A spectacular lunar eclipse is visible across the skies of North America, just hours before the winter solstice, on the night of December 20/21, 2010.

A lunar eclipse is visible when the moon, at the full phase, moves into the Earth’s shadow.  Occurring infrequently because the orbit is tilted slightly compared to the earth’s solar orbital path, the moon usually moves above or below the shadow when on the opposite side of Earth from the sun.

As the moon slowly plunges into the Earth’s shadow, it loses its reflected sunlight.  A total eclipse is not completely dark, but some red and orange sunlight is refracted into the shadow.  The moon then has a reddish orange glow.

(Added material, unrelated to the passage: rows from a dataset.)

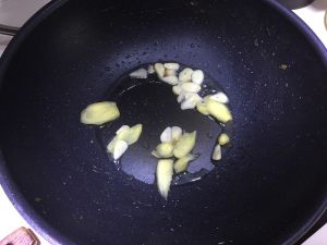 锅里热油放入姜片和蒜片爆香
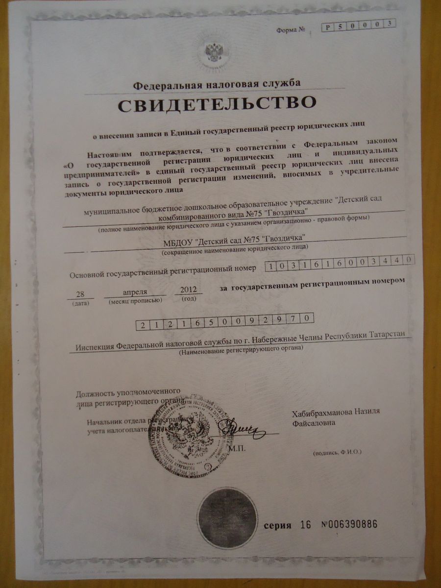 Копия свидетельства о внесении записи в ЕГРЮЛ
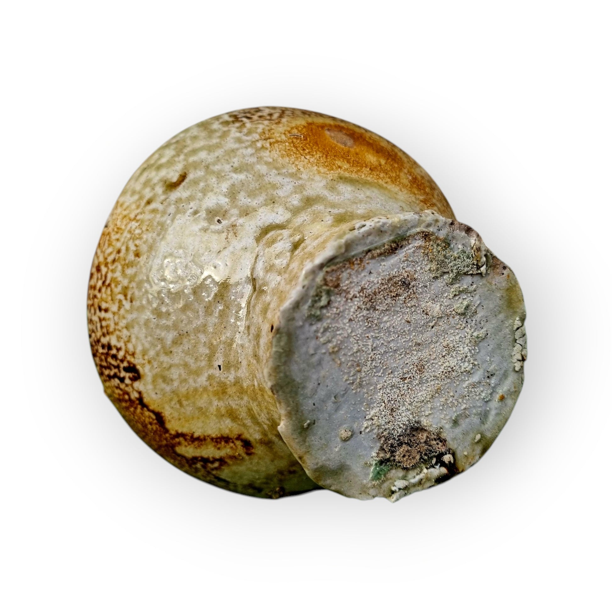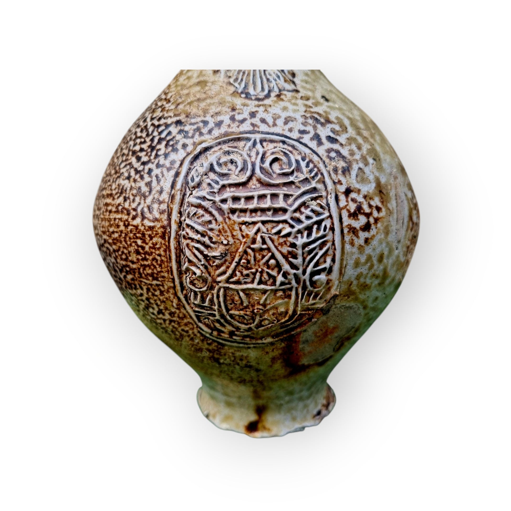 Decorated with salt-glaze, producing a "tiger-glaze" once fired in the kiln.
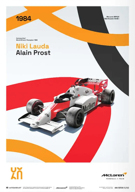 Ikonický McLaren MP4/2 se vrací na plakát v rámci série legendárních vozů. John Barnard jej navrhl s karbonovým monokokem a motorem TAG-Porsche, což přineslo McLarenu návrat mezi vítěze. V roce 1984 s ním Alain Prost a Niki Lauda vyhráli 12 z 16 závodů, podpořeni obrovským přítlakem „barn-door“ křídel. Tento monopost se stal symbolem dominance 80. let.
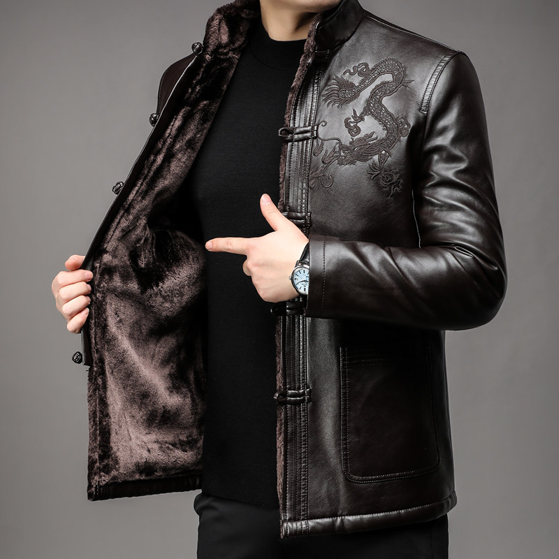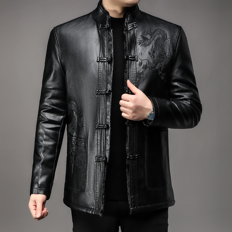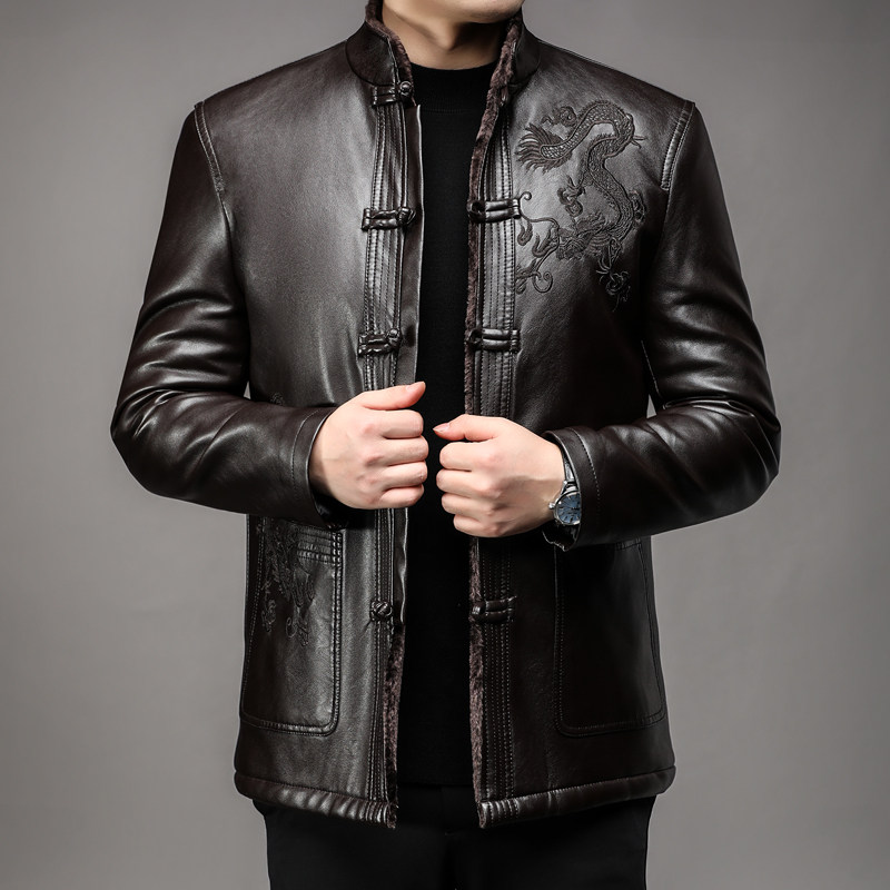 真皮皮衣男唐装皮毛一体中年海宁皮夹克加绒加厚中老年外套爸爸装

Earth’s shadow has two zones:  The penumbra is the outer part of the shadow where the sunlight is not completely blocked.  The umbra is dark because it receives no direct sunlight.  During the nighttime we are inside the earth’s umbra.  No sunlight is visible.

Lunar eclipses are seen more often from any one location as they are visible from over half the earth, where the moon is above the horizon.  A lunar eclipse is not dangerous to view.  Binoculars or a telescope under low power, 15x to 40x present outstanding views of the eclipse.

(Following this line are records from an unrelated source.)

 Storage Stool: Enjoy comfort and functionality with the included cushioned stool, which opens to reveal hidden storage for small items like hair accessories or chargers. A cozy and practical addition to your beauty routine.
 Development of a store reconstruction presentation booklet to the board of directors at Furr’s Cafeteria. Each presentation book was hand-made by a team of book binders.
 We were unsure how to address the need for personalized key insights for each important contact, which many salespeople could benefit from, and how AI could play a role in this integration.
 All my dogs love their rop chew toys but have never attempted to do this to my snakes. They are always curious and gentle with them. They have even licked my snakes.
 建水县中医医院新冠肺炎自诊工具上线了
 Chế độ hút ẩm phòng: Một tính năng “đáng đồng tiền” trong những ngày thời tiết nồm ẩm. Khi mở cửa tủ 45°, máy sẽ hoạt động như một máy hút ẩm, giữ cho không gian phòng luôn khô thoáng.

Here are the events for the evening:

December 20, 2010  (The times that follow are accurate for any location in North American, except times for sunrise, sunset, moonrise, and moonset.  Observers in other time zones can adjust the eclipse times by adding or subtracting their time zone difference from Central Standard Time.)

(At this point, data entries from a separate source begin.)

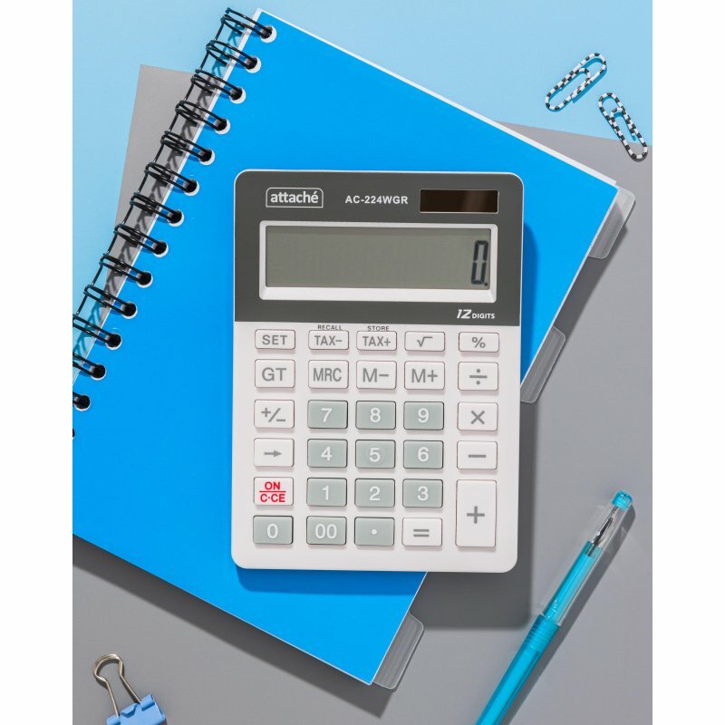 Калькулятор Attache Настольный, AС-224WGR, 12 разрядов, двойное питание, бело-серый
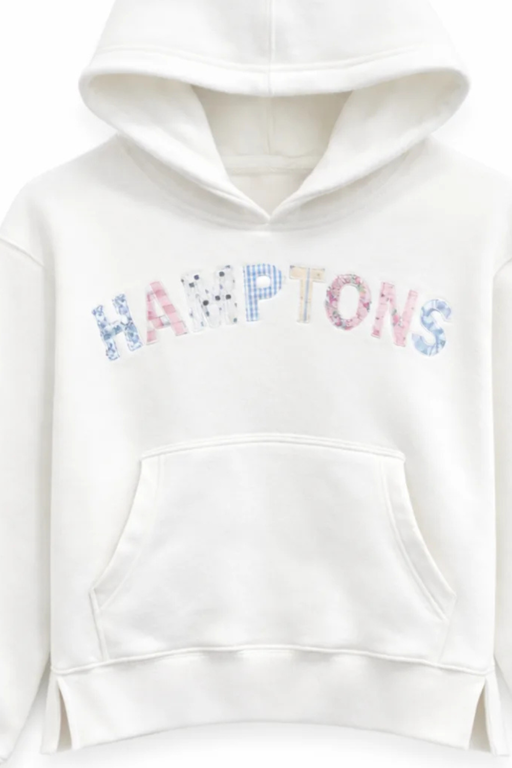 • Soft white hoodie with pastel patchwork “Hamptons” lettering
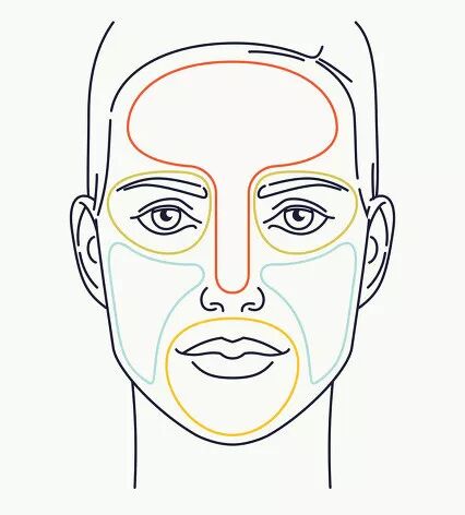 最常见的就是把面部区域区分成T区和U区。T区通常是额头到鼻子的部分,呈现一个字母T;U区则是从一侧脸蛋经过下巴到另一侧脸蛋部分,呈现一个字母U的形状。另外一个分区就是眼周肌肤了。
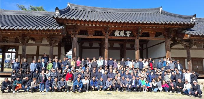 청송 소헌공원 내 운봉관앞에서 기념촬영
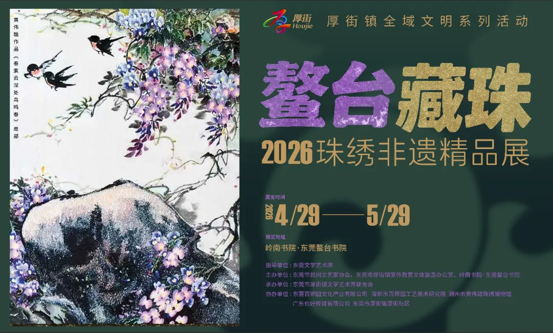 鳌台藏珠——2026珠绣非遗精品展于2026年4月29日至5月29日在岭南书院·东莞市鳌台书院展出。本次展览由东莞文学艺术院指导,东莞市民间文艺家协会、东莞市厚街镇宣传教育文体旅游办公室、岭南书院·东莞市鳌台书院联合主办,东莞市厚街镇文学艺术界联合会承办,东莞百师园文化产业有限公司、深圳市百师园工艺美术研究院、潮州市黄伟雄珠绣博物馆、广东也好传媒有限公司、东莞市厚街镇厚街社区协办。展览特邀中国工艺美术大师、国家级非遗项目粤绣(珠绣)代表性传承人、享受国务院特殊津贴专家、正高级工艺美术大师黄伟雄等业界翘楚,精心遴选近百件珠绣精品力作联袂呈现。
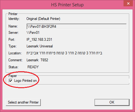 בוחרים בתפריט הקליק הימני של התוכנה בסעיף הגדרת מדפסת מקור. אם המקור מודפס על ניר לוגו, יש לסמן את הסעיף החדש: Logo Printed on (ראו צילום מסך רצ"ב).
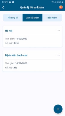 Để thêm lịch sử khám, người dùng nhấn vào nút sẽ hiển thị lên màn hình thêm mới
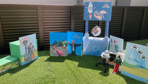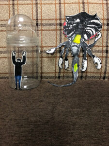 「戦争と平和」をテーマに出展されるとのことで、簡単なストーリーを考え、それに合わせた絵をダンボールやパネルに貼り付け、新作のエイリアンも一緒に出させてもらいました。

  • 3:50 p.m. CST (Chicago) — The moon rises in the east-northeast sky.
  • 4:22 p.m. CST — Sunset.  Throughout the evening, the moon rises higher in the eastern sky.
  • 11:30 p.m. CST — The moon begins to move into the penumbra.  Not much darkening is noticed.

December 21, 2010

  • 12:32 a.m. CST — The moon moves into the darker central shadow, the umbra.  The partial phases of the eclipse begins.  As the eclipse progresses, more of the moon grows darker.  The moon appears high in the southern sky during this part of the eclipse.
  • 1:40 a.m. CST — The moon is completely immersed inside the umbral shadow and the best part of the eclipse begins.  For the next 73 minutes, the moon may be illuminated by a soft coppery color, like the image above.  Some sunlight streams through the earth’s atmosphere and is bent into the shadow by the air’s prismatic effects.  The brightness and depth of color will depend on the amount of dust suspended in the Earth’s atmosphere.  Volcanic ash suspended at high altitudes is one factor that can affect the colorful display.
  • 2:53 a.m. CST — The moon begins to exit the umbra and the total phase of the eclipse is finished. 
  • 4:01 a.m. CST — The moon is fully inside the penumbra continuing to exit into bright sunshine.
  • 5:04 a.m. CST — The eclipse is finished.
  • 7:14 a.m. CST — Sunrise
  • 7:31 a.m. CST — Moonset
  • 5:38 p.m. CST — Winter Solstice

The next lunar eclipse visible from North America occurs on June 4, 2012.  The start of the eclipse occurs June 4, 2012, although it completes after moonset.  The next total lunar eclipse visible from the Americas is on the night of April 14/15, 2014.